Elixir and Phoenix. I'm a huge Ruby/Rails fan and seeing Elixir/Phoenix resemble those makes me happy.
Yeah. Elixir doesn't really resemble Ruby as a language fundamentally, but the whole ecosystem was clearly designed to be friendly to the Ruby community's expectations.
Can you learn Elixir without knowing Erlang?
Absolutely, it's definitely a boon but far from a requirement
Well, you cannot use Elixir outside of the Erlang VM because it is required as part of the language. But you don't have to dive into Erlang and write it as part of your day to day. One thing you will find after writing a bit of Elixir is that Erlang becomes more approachable and understandable. Elixir just expands out to Erlang using macros, and then compiles to Erlang VM byte code to be executed by the VM.
Erlang (and Elixir). Despite being 20 years old, Erlang seem strikingly suited to many modern challenges (high availability, distributed processing, fundamentally concurrent, network transparent, live upgrades, etc).
Ruby/Rails. I'm starting to get into Shopify app development and while I could use a language I'm already familiar with to build the apps, I'd rather use the Shopify API gem to help with building out the apps. And it's a good excuse to learn a new language!
Python, because it's an interesting language that is not limited to a specific platform.
Heya, this might be of interest to you leanpub.com/pythonforprogrammers
I really wanna learn Swift and finally get into iOS development.
Any functional language to try something very different from JavaScript I use almost exclusively in the past few years.
I want to learn a functional language that I can use for backend development. At one point I thought that would be Elixir/Phoenix but now that I've written a lot of Elm code I've become very partial to strongly type languages. But then I look at Haskell and it doesn't seem nearly as practical is Elixir/OTP so it's likely I'll be learning Elixir this year.
Have you had a look at OCaml? It is very similar to Elm and in use at Facebook as part of the toolchain for Flow/Reason/Infer.
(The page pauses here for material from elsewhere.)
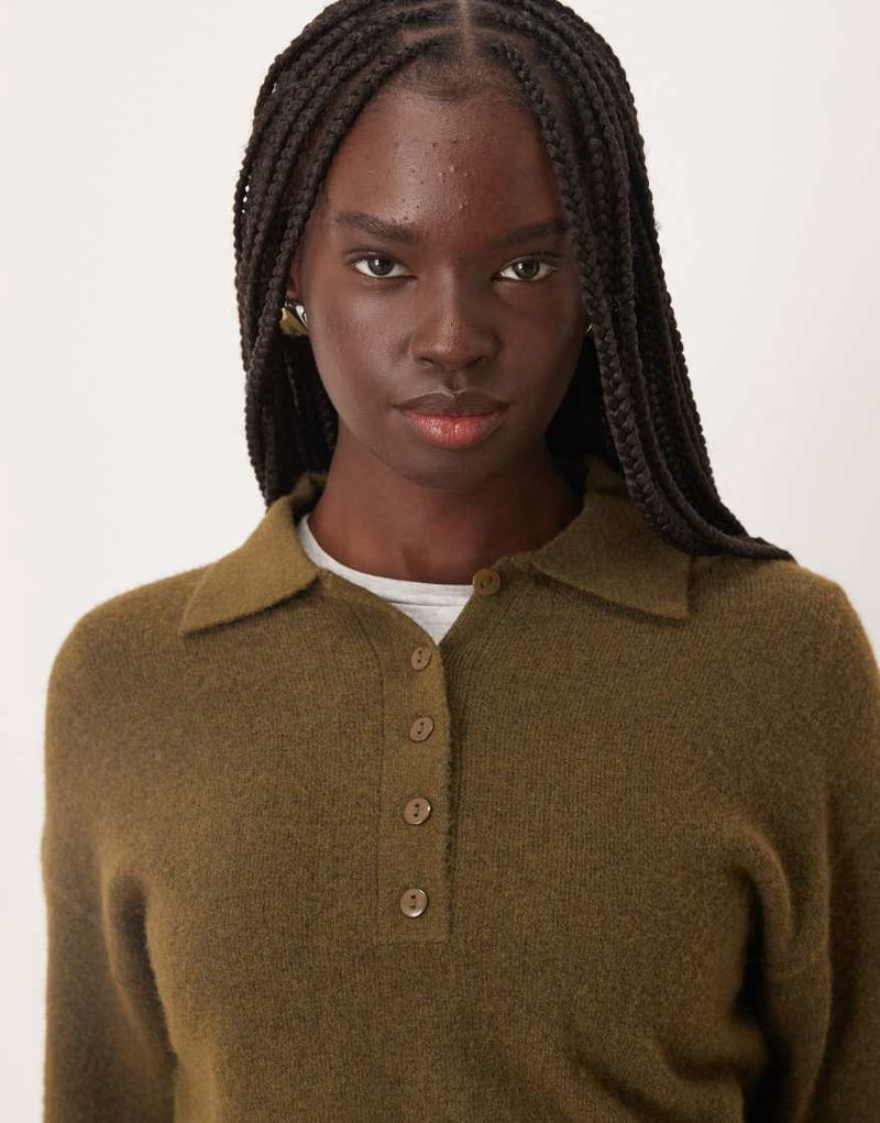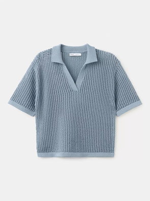 Knit Polo Top In Light Khaki

OCaml is very similar yes and you can also have a look at F#
Also: Why does Haskell seem impractical? IMO it has quite strong support for Webbackends - have a look at Servant / Servant-Elm for example
From my point of view, Haskell seems less practical because there is very little writing on Haskell web frameworks written for regular folks like me. Phoenix and Elixir seem much more approachable for a relative newcomer to FP.
From my limited poking around, F# looks really cool.
Reason - Functional programming with an approachable syntax. 💖
Reason is fascinating. Do you have any plans to release anything with it, or is it purely for learning at this point?